Segment Open

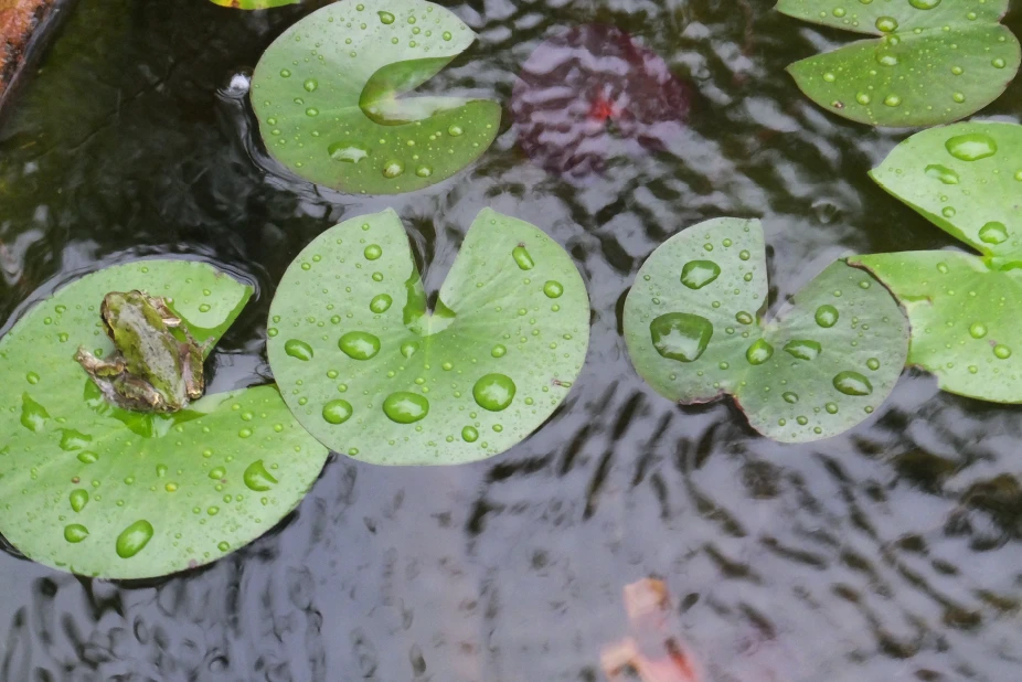⽔辺にはトンボやカエルなどの⽔辺の⽣き物も
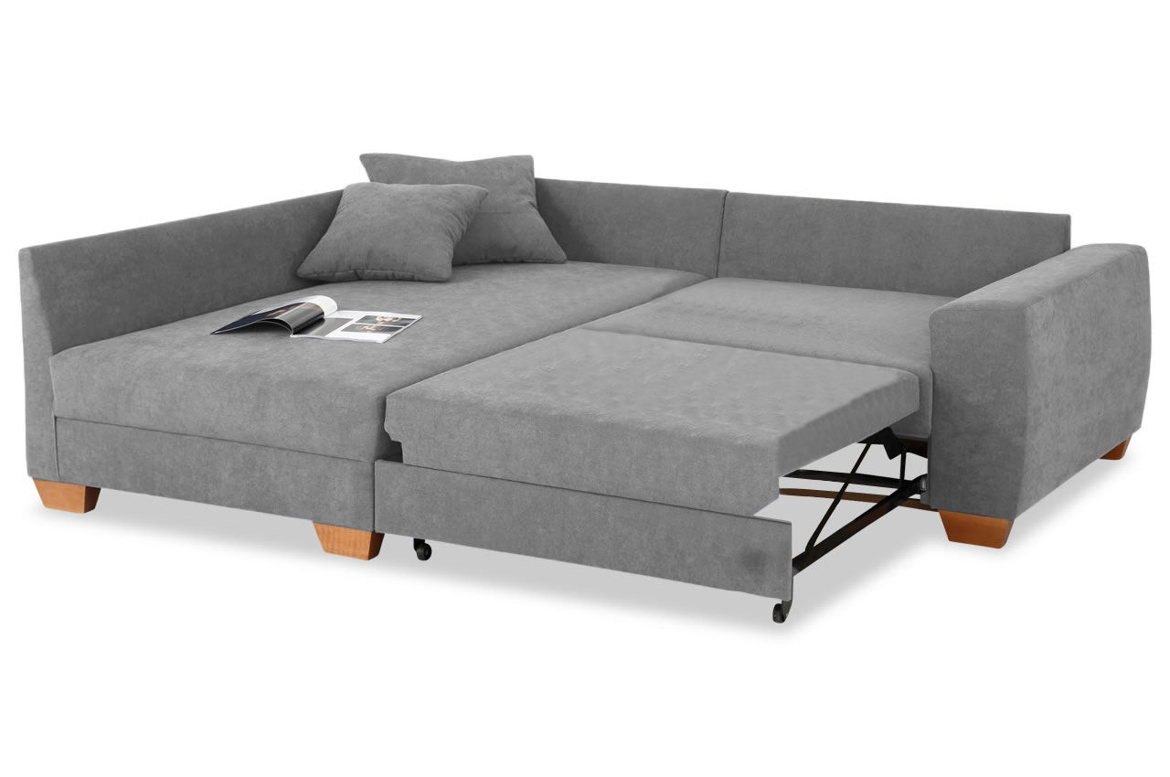 Ecksofa Nora NovaSpring mit Bettfunktion Leaf 08 Grau Mit Schlaffunktion
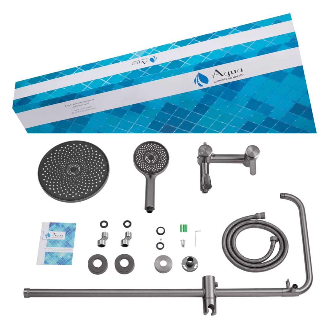 Душевая система Agua Elposo с изливом, нержавеющая сталь, графит матовая (INOX064AM)
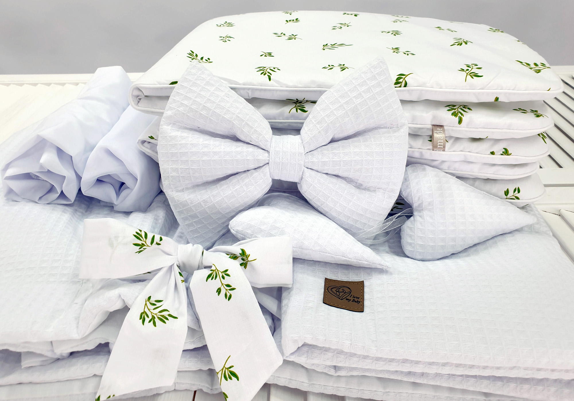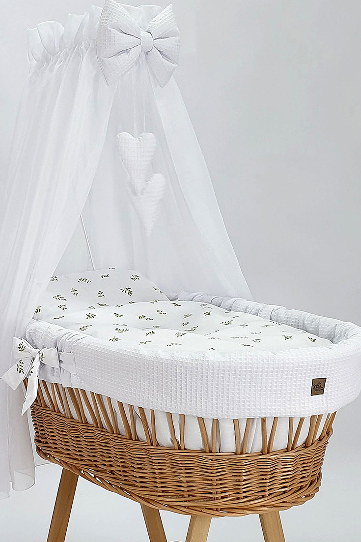 Commandez maintenant cet habillage complet blanc (motif petites brindilles) pour transformer votre couffin en osier en un nid chaleureux et sécurisé - parfait dès la naissance.
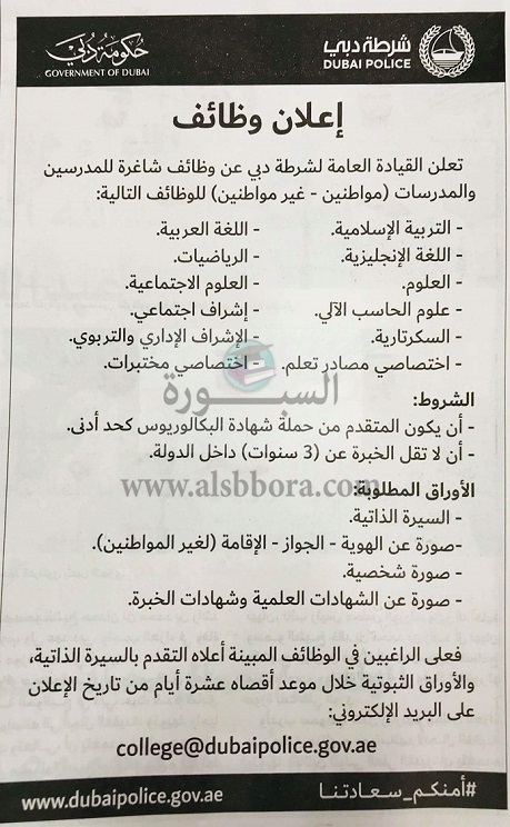 اعلنت حكومة دبى عن حاجة القيادة العامة لشرطة دبى للمدرسين والمعلمات "مواطنين وغير مواطنين" فى جميع التخصصات اللغة العربية والتربية الاسلامية واللغة الانجليزية والرياضات والعلوم والعلوم الاجتماعية وعلوم الحاسب الالى واشراف اجتماعى والسكرتارية والاشراف الادارى والتربوى واخصائى مصادر تعليم واختصاصى مختبرات
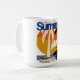 Ett kaffe mugg med en vacker sommarillustration: strand, surfa, båt, sköldpadda, handflatan träd och sol
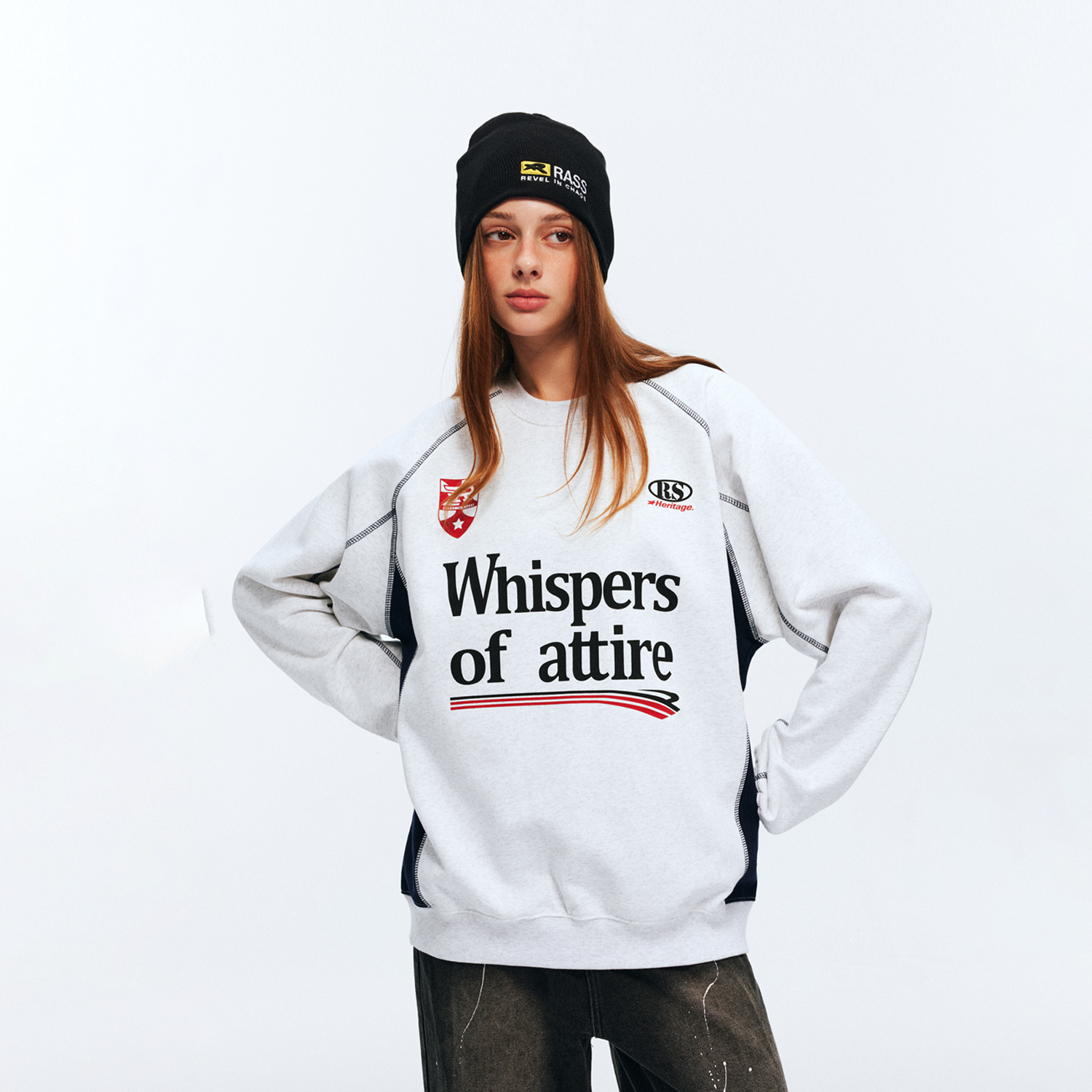 Свитшот унисекс RASS, белый с серым меланжем
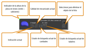 - Visualización de la altura de pieza en bruto y de la disponibilidad de datosEste indicador le notifica si la pieza en bruto que está editando actualmente tiene una altura suficiente para el objeto y si todos los datos están disponibles.
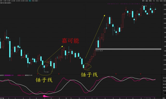 在股票K线图中,当锤头线出现在股票价格持续下跌的过程中时,很大可能就是见底信号,意味着股票价格趋势将会发生反转。锤头线的外形特征是一根实体柱很短的阳线或阴线,且通常情况下没有上影线,如果有也非常短,但是下影线很长,最少是实体柱长度的两倍以上的阳线或者阴线就叫做锤头线,而其阴线形态也可以叫做吊颈线。
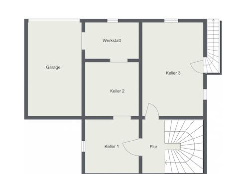 Kellergeschoss: Flur, 3 Kellerräume, Werkstatt, Garage
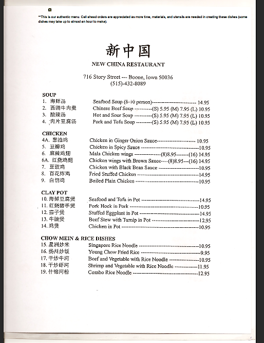 New China Restaurant - Boone Menu
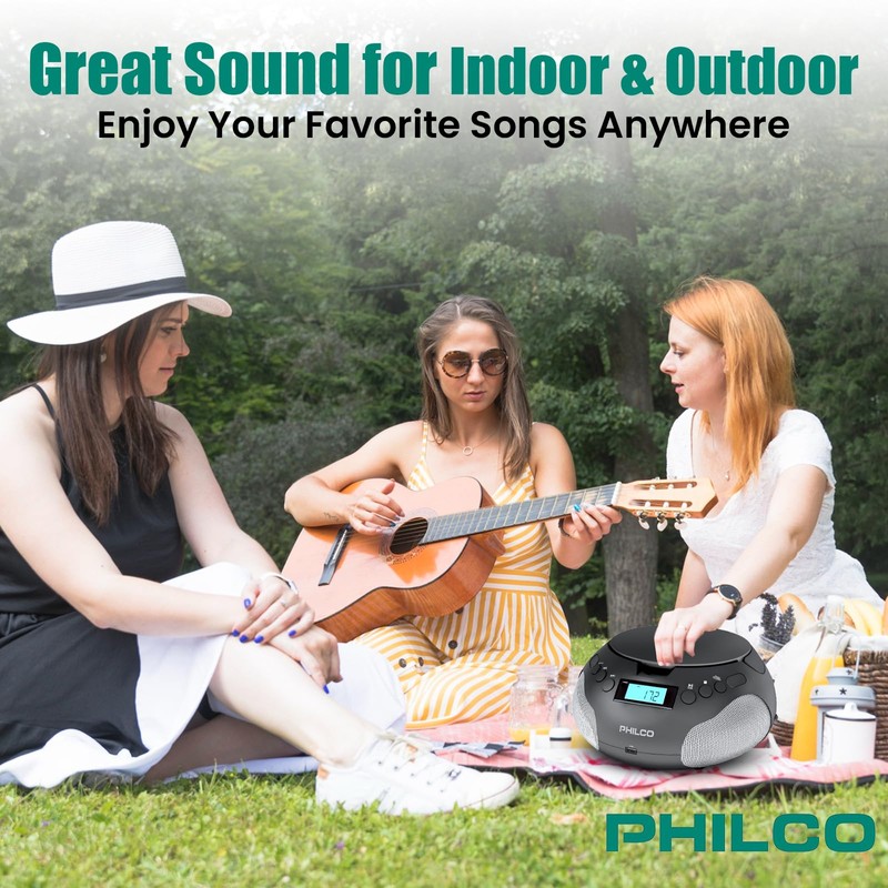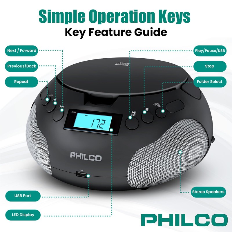 Philco Portable CD Player Boombox, FM Radio CD Players for Home, Compatible with MP3/WMA/CD-R/CD-RW 3.5mm Aux Input |USB Port | Stereo Sound |AC/Battery Powered |LED Display
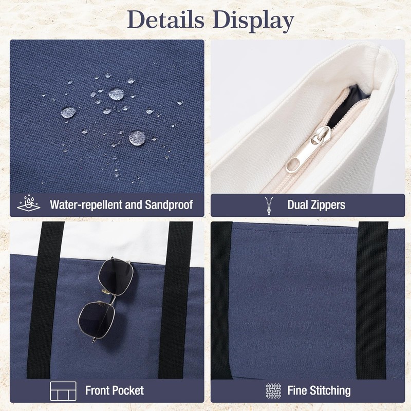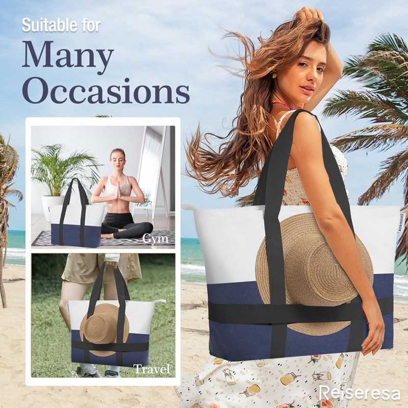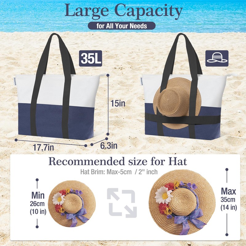 Reiseresa Beach Bag with Zipper, Beach Tote Bag for Women, Large Beach Bag with Hat Holder Strap, Canvas Blue
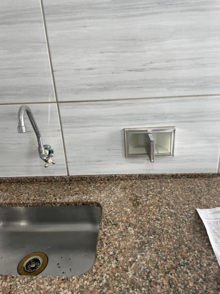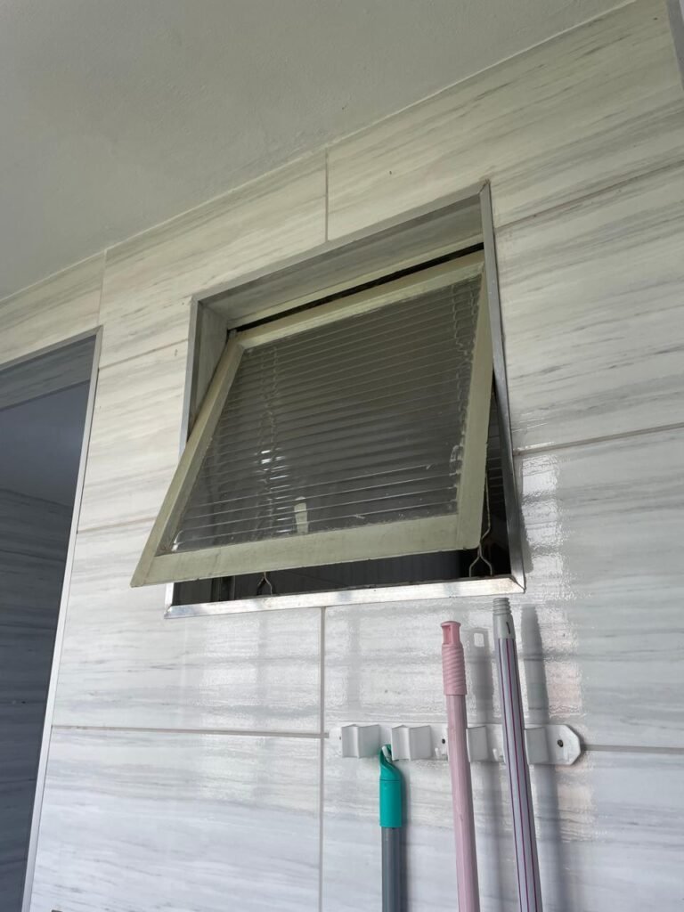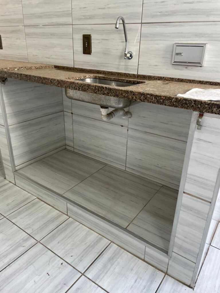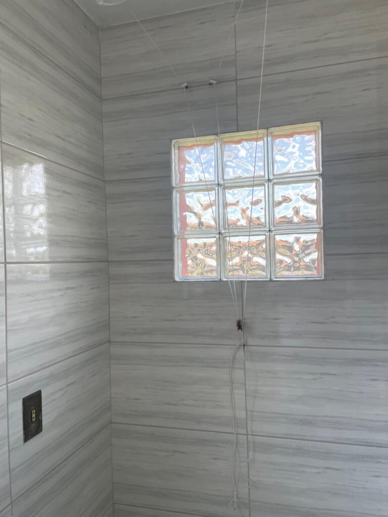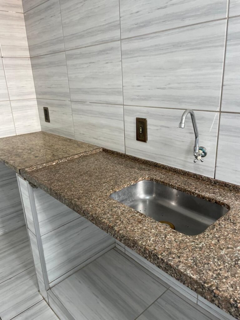 LAVANDERIA-: 01 porta sanfonada cor branco marca BCF, com 01 puxador em ordem e o outro faltando, piso e parede revestidas de pisos frios cerâmicos com desgastes naturais, furos com buchas e pregos, teto com pintura na cor branco neve com desgaste natural e restante em ordem, 01 janela de ferro com esquadrias com pintura na cor cinza com desgastes naturais, contendo 28 vidros canelados em ordem, contendo 03 fechaduras e 01 trinco para por cadeado em ordem, 01 suporte de vassouras parafusado na parede, 05 espelhos de luz com desgaste natural sendo eles, 04 tomadas em ordem e 01 interruptor em ordem, 01 espelho de luz com 02 tomadas em ordem, 01 tanque de cerâmica cor cinza com desgaste natural, marca Icasa, 01 torneira dupla em inox em ordem, marca Hidro Fix, 01 sifão sanfonado em ordem, 02 suportes de varão de plástico cor branco, 01 varal portátil parafusado no teto com cordas com desgaste natural, 09 blocos de vidro quadriculado em ordem, 01 bocal com 01 lâmpada Led em ordem, 01 espelho de bocal em ordem, pia com estrutura revestida pisos frios cerâmicos com 02 pedras de mármore em ordem, cuba de inox em ordem, com 01 sifão sanfonado em ordem, 01 torneira de inox pingando e restante em ordem, 01 suporte de inox de sabonete, 01 sifão sanfonado em ordem.
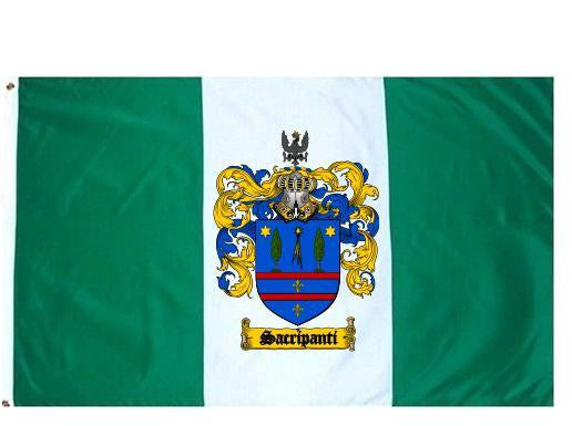 Sacripanti Family Crest Flag / Coat of Arms Flag. You will receive a high quality 3' x 5' Polyester flag with two brass grommets. Proudly display your family heritage with this flag, or hang as a banner on a wall. Our flags make great gifts for birthdays, weddings, anniversaries, fathers day, mothers day, groomsmen gifts, and any other occasion
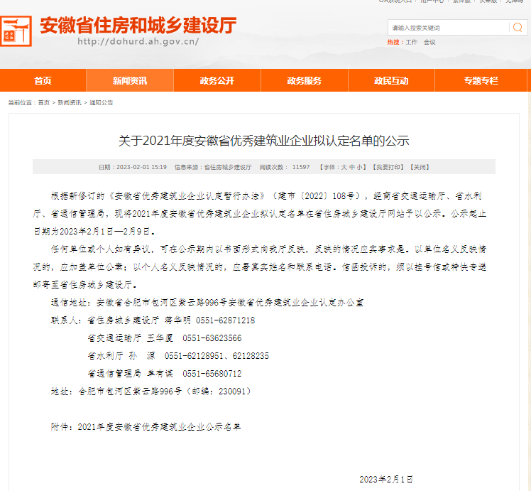 據悉,2021年度安徽省優(yōu)秀建筑業(yè)企業(yè)評選是安徽省住房和城鄉(xiāng)建設廳、安徽省交通運輸廳、安徽省水利廳聯(lián)合開展的第二屆認定評選活動。評選標準分別從社會責任履行、企業(yè)經營發(fā)展、企業(yè)管理創(chuàng)新、企業(yè)建造能力、企業(yè)文化建設等方面進行評定,是對建筑業(yè)企業(yè)能力的綜合認定。
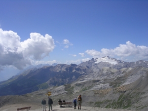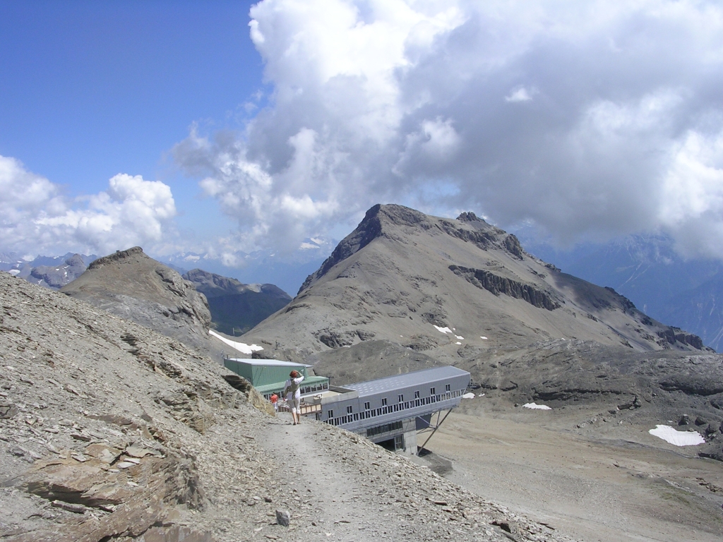 Привезли нас на промежуточную станцию, здесь уже никто не спешит, есть ресторанчик, стоят лежаки для желающих отдохнуть и позагорать на солнышке, для детишек устроена прыгалка. Станция на высоте 2250 метров. Отсюда наверх уходят вагончики побольше, без сидячих мест и по расписанию. До ближайшего отправления было примерно полчаса и мы немного позагорали. На солнце жарко, а в тени и в продувных коридорах начинает пробирать холодком и куртки пришлось натянуть. С обзорной площадки видно Монблан, а если быть точнее, видно облако, которое закрывало вершину Монблана.
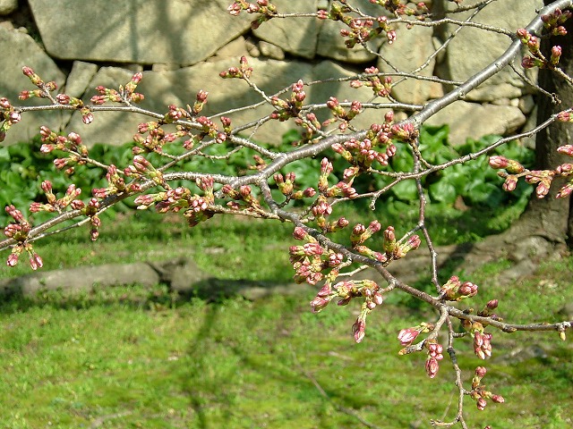 もう数時間太陽が照れば咲きそうな萩城跡の桜。
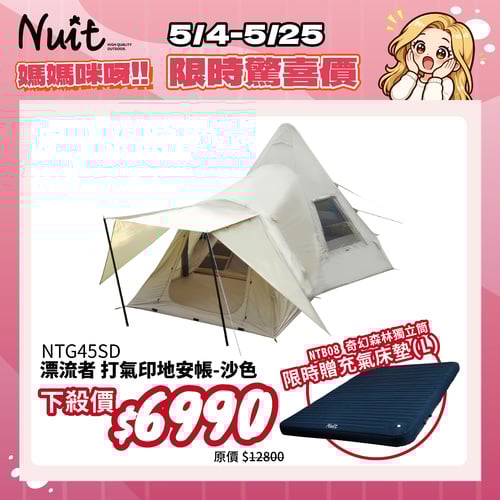 【限時買帳贈充氣床】NTG45 努特NUIT 漂流者-沙色 印地安打氣帳棚充氣帳蓬快速帳篷 八~十人一房一廳帳全封底防蚊蟲防蛇 NTB364 努特 魔幻時光 波浪型獨立筒電動充氣床 L號

Segment Closed

Aim of the exercise:
Copy word for word the lines of the records above from the one with "- Visualización de" up to and including the one with "Reiseresa Beach Bag". Skip the pictures.

Problem solution:
 - Visualización de la altura de pieza en bruto y de la disponibilidad de datosEste indicador le notifica si la pieza en bruto que está editando actualmente tiene una altura suficiente para el objeto y si todos los datos están disponibles.
 在股票K线图中,当锤头线出现在股票价格持续下跌的过程中时,很大可能就是见底信号,意味着股票价格趋势将会发生反转。锤头线的外形特征是一根实体柱很短的阳线或阴线,且通常情况下没有上影线,如果有也非常短,但是下影线很长,最少是实体柱长度的两倍以上的阳线或者阴线就叫做锤头线,而其阴线形态也可以叫做吊颈线。
 Kellergeschoss: Flur, 3 Kellerräume, Werkstatt, Garage
 New China Restaurant - Boone Menu
 Philco Portable CD Player Boombox, FM Radio CD Players for Home, Compatible with MP3/WMA/CD-R/CD-RW 3.5mm Aux Input |USB Port | Stereo Sound |AC/Battery Powered |LED Display
 Reiseresa Beach Bag with Zipper, Beach Tote Bag for Women, Large Beach Bag with Hat Holder Strap, Canvas Blue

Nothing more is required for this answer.